А дело в том, что, когда дяде Зяме, старшему из детей, было всего одиннадцать лет, его мама, ни про кого не будь сказано, умерла. И, пока отец, реб Хаим, не женился снова, большой дом на рыночной площади так и стоял в запустении и в его комнатах было темно и уныло. Зяме пришлось нянчиться с младшими братьями, Ури и Пинеле, и с сестрами-малышками. Не до учебы было. Реб Хаим махнул на всё рукой и устроил в доме шинок, а о том, чтобы учить детей чему-нибудь вне дома, и речи не было, — все шло, как шло. Спустя пару лет в доме появилась мачеха, мастерица на все руки: дом ожил, заброшенных детей привели в порядок, но у Зямы уже близилась бар мицва. Поздно было наверстывать в хедере и в ешиве все то, что он пропустил. Вместо этого Зяма должен был помогать отцу в шинке и мачехе по хозяйству. Так он расчистил путь к учению для Ури и Пинеле. Он стал жертвой, принесенной ради того, чтобы его младшие братья пошли в хедер. Ури сумел выучиться и стать «ученым человеком», а Зяма остался «простаком»… Но кто же теперь об этом помнит?
Не легче пришлось ему и в школе: в те времена правительство как раз открывало во всех еврейских местечках школы «ради распространения просвещения» и заставляло евреев отправлять туда детей.
Из шинка в школу Зяма всегда прибегал запыхавшись. Неблизкий путь отделял большую рыночную площадь, где стоял отцовский дом, от Днепра, на берегу которого ядовито зеленела школьная крыша. Зяма все время опаздывал, да к тому же не испытывал большого уважения к русскому учению. Ведь дома Зяма не раз слышал, как его отец, реб Хаим, за стойкой в шинке говаривал знакомым евреям об этой злосчастной школе, что хуже вещи и представить себе нельзя: из детей там делают гоев, дурят им голову, чтобы окрестить… А Зямка принимал его слова за чистую монету. К тому же учителем у него был как раз таки заучившийся местный безбожник, от которого евреи в Шклове[2] прежде бегали, как от чумы. Теперь же он был настоящий «я-тебе-дам» и носил фуражку с кокардой. За глаза его передразнивали, смеялись над ним. Так что Зямка потерял к учителю всякое уважение. Голова у Зямки была полна подслушанными в шинке разговорами, дымом крестьянской махорки, писком младших сестер — а тут стоит перед тобой длиннющий безбожник с медными пуговицами, задает дурацкие вопросы и хочет, чтобы ему на них давали дурацкие ответы. Вот, к примеру: сколько рогов у быка? Когда замерзает вода, зимой или летом? Где растут огурцы?.. Будто сам не знает. Чтоб ему, безбожнику, пусто было!
И вот однажды, в недобрый час, в школе, когда Зямка устал и злился, учитель[3] обратился к нему:
— Скажи-ка мне, да, вот ты, сколько ножек у жука?
Зямка пристыженно встал. Ему было стыдно за своего пустоголового учителя. За кого он, этот безбожник, его принимает?
С кривой «взрослой» ухмылкой Зямка оглядел учителя и покачал растрепанной головой.

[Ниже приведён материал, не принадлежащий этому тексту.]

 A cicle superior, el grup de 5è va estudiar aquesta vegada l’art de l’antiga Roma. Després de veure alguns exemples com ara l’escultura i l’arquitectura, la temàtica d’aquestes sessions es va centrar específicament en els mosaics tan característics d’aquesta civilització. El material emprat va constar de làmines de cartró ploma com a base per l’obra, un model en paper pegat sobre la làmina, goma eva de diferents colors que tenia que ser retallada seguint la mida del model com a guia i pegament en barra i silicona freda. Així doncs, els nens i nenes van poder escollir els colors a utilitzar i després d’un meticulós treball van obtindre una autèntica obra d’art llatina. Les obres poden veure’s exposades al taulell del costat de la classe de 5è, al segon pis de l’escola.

— Ой, — ответил он, — господин учитель, мне бы ваши заботы…
Зямка был очень удивлен, когда получил за свои слова хорошую затрещину и был «приговорен к позорному столбу», то есть поставлен на колени. Ведь он всего лишь честно повторил то, о чем дома говорили взрослые. Но поди разбери, как положено разговаривать с этим злобным дурнем в медных пуговицах!.. С той поры учитель и ученик втайне возненавидели друг друга. Безбожник донимал Зямку. Ставил ему плохие отметки. Так продолжалось до тех пор, пока Зямку не выгнали из школы. Мальчик этому очень обрадовался, а уж его отец, шинкарь реб Хаим, наверняка был на седьмом небе от счастья.

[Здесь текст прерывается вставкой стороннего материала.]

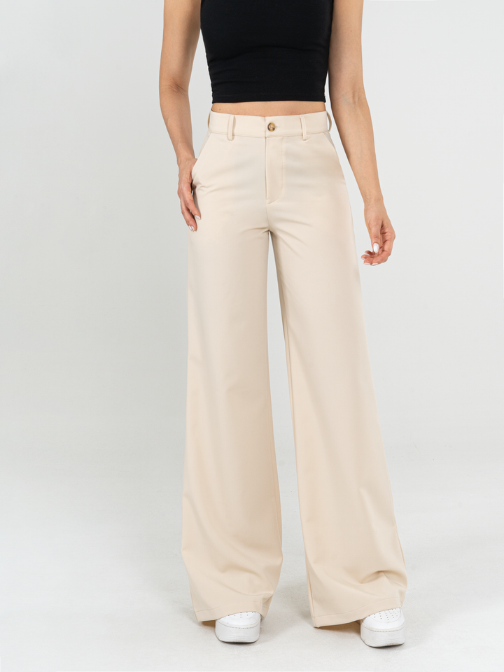Pantalón palazzo, stretch, sin prenses, tejido plano liviano, tono arena, tiro alto, bolsillo diagonal, silueta amplia.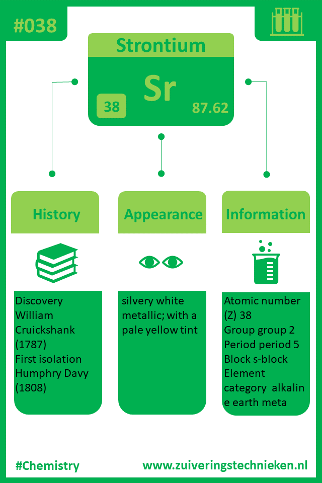 Atoomnummer 38 is strontium met symbool Sr. Er zitten diverse elementen in het periodiek systeem en in de infographic is gedetaileerde informatie te vinden over dit element.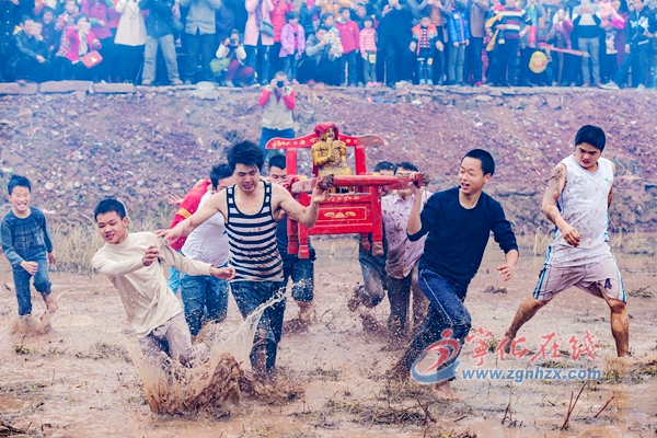 ??? “恭請‘五谷神’下田!”11時50分,隨著一聲悠長的吆喝聲,頓時鞭炮轟鳴,禮花騰空而起,四名漢子抬著“五谷神”菩薩跳入一口方形的水田,順著鼓點在水田里飛奔。30名漢子隨后紛紛跳下水田,迅速抓起田里的稀泥互相對砸,甚至在泥地里摔跤打斗,田里歡聲笑語一片。很快,田里的漢子已成“泥人”。隨著鼓聲,漢子們紛紛追趕著抬菩薩的人,見有人摔倒了,旁邊的人迅速上前接力,抬起菩薩繼續狂奔不已,累了就在田埂上坐著休息一會。十幾個回合以后,村中長老見“泥人”都已精疲力竭,便讓大家將“五谷神”抬上岸,清水沖洗后,重歸祖祠。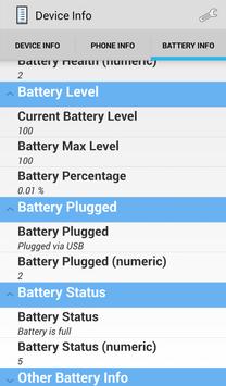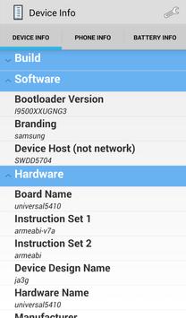 This application shows many data about your device that is available through the Android's API (no root). Information available include details about the operating system, hardware of the device, the phone/SIM, and the battery.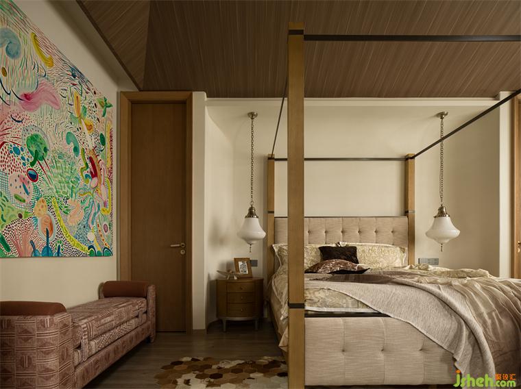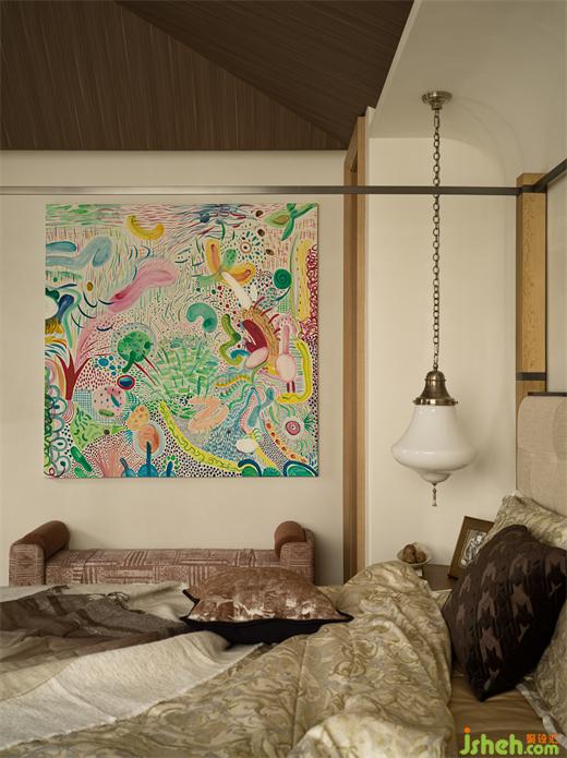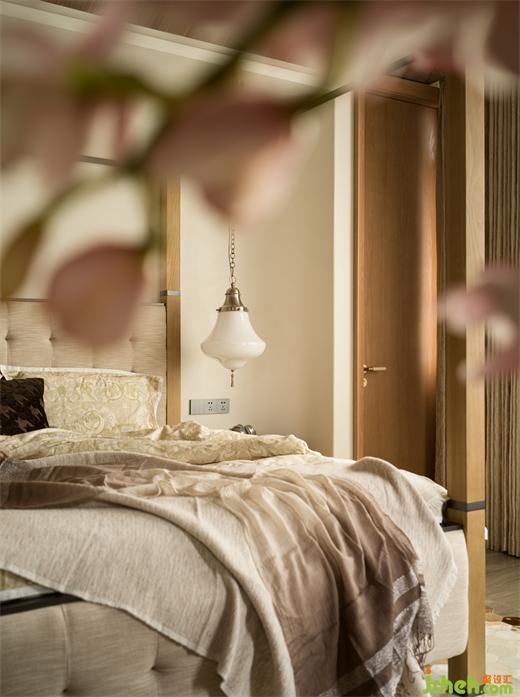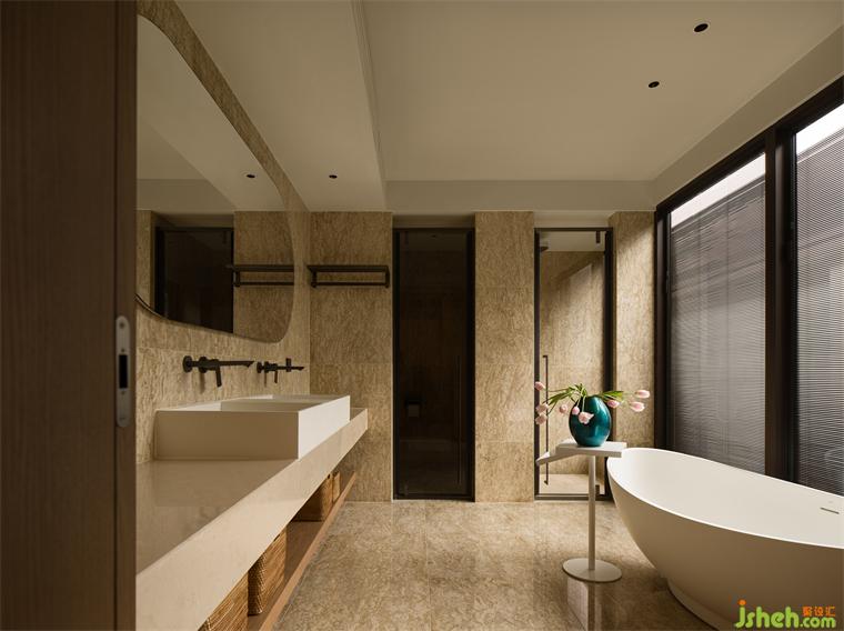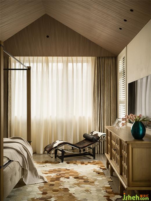 清風(fēng)拂起紗簾,主臥無(wú)界自然的闊景尺度,與克制有界的幾何藝術(shù)構(gòu)成了微妙的對(duì)比,平衡出空間向內(nèi)生長(zhǎng)的敦厚氣度、向外延伸的審美張力。

Так что обширных знаний Зяма из школы не вынес. От его великого усердия на ниве образования ему достался в наследство кошмарный почерок[4] — сплошные нечитаемые каракули — да ужасный русский язык, смешанный с идишем и крестьянским наречием. Говоря по-фоняцки, он заполнял пустоты, вставляя «значит», «так» и «вот» или просто взмахивая руками. Много-много позже, когда Зяма уже обзавелся собственным хозяйством и стал торговать, все равно, если ему приходилось иметь дело с покупателями-гоями в Нижнем или в Москве, язык и перо слушались его до безобразия плохо. Когда дело доходило до подписания векселя, дядя Зяма принимался озабоченно расхаживать по комнате, как курица, собирающаяся снести яйцо. Он злился и часто кричал на своего единственного сына, Ичейжеле[5], и на дочерей, путавшихся под ногами:
— Пошли к черту! Чуть только дело доходит до настоящей работы, они тут как тут…
2. Зяма на военной службе
Ури вырос настоящим умником, знатоком Геморы, а Зяма так и остался простаком. И поэтому его отец, реб Хаим, не стал слишком заботиться о «второй льготе»[6], каковая по закону полагалась первенцу. А когда дело дошло до призыва, было уже поздно. Зяму забрали в солдаты.
Длинноногий, широкоплечий Зяма был будто создан для кавалерии. Из Литовской казармы[7] его отправили аж в Варшаву, служить в кавалерийском эскадроне. Сам Зяма рассказывал об этом так:
— А что я мог поделать?.. Фоня-квас решил, что любая лошадь поместится у меня между ног…
Однако от евреев, служивших с вместе с Зямой, до шкловцев доходили совсем другие истории. Тогдашние его сослуживцы, к примеру, рассказывали, что ни одна лошадь в варшавской крепости не годилась Зяме именно из-за его длинных ног.
Они рассказывали, что в начале службы Зяма как огня боялся задних ног лошади. Еще за версту он вечно принимался кричать своему коню: «Стой!», хотя тот и так стоял стреноженный, опустив голову. Подойдя ближе, Зяма вытягивал руку и дотрагивался до коня кончиками пальцев, как до горячих углей. Так продолжалось до тех пор, пока фельдфебель, учивший Зяму верховой езде, не прочитал ему, потеряв терпение, русский «мишебейрех»[8], не щелкнул нагайкой и не скомандовал:
— Верхом, сукин сын!
Зяма стал бледнее мела. Он быстро вскочил на спину коню, но от спешки и страха немного не так, как другие солдаты… А именно лицом к хвосту и спиной к гриве.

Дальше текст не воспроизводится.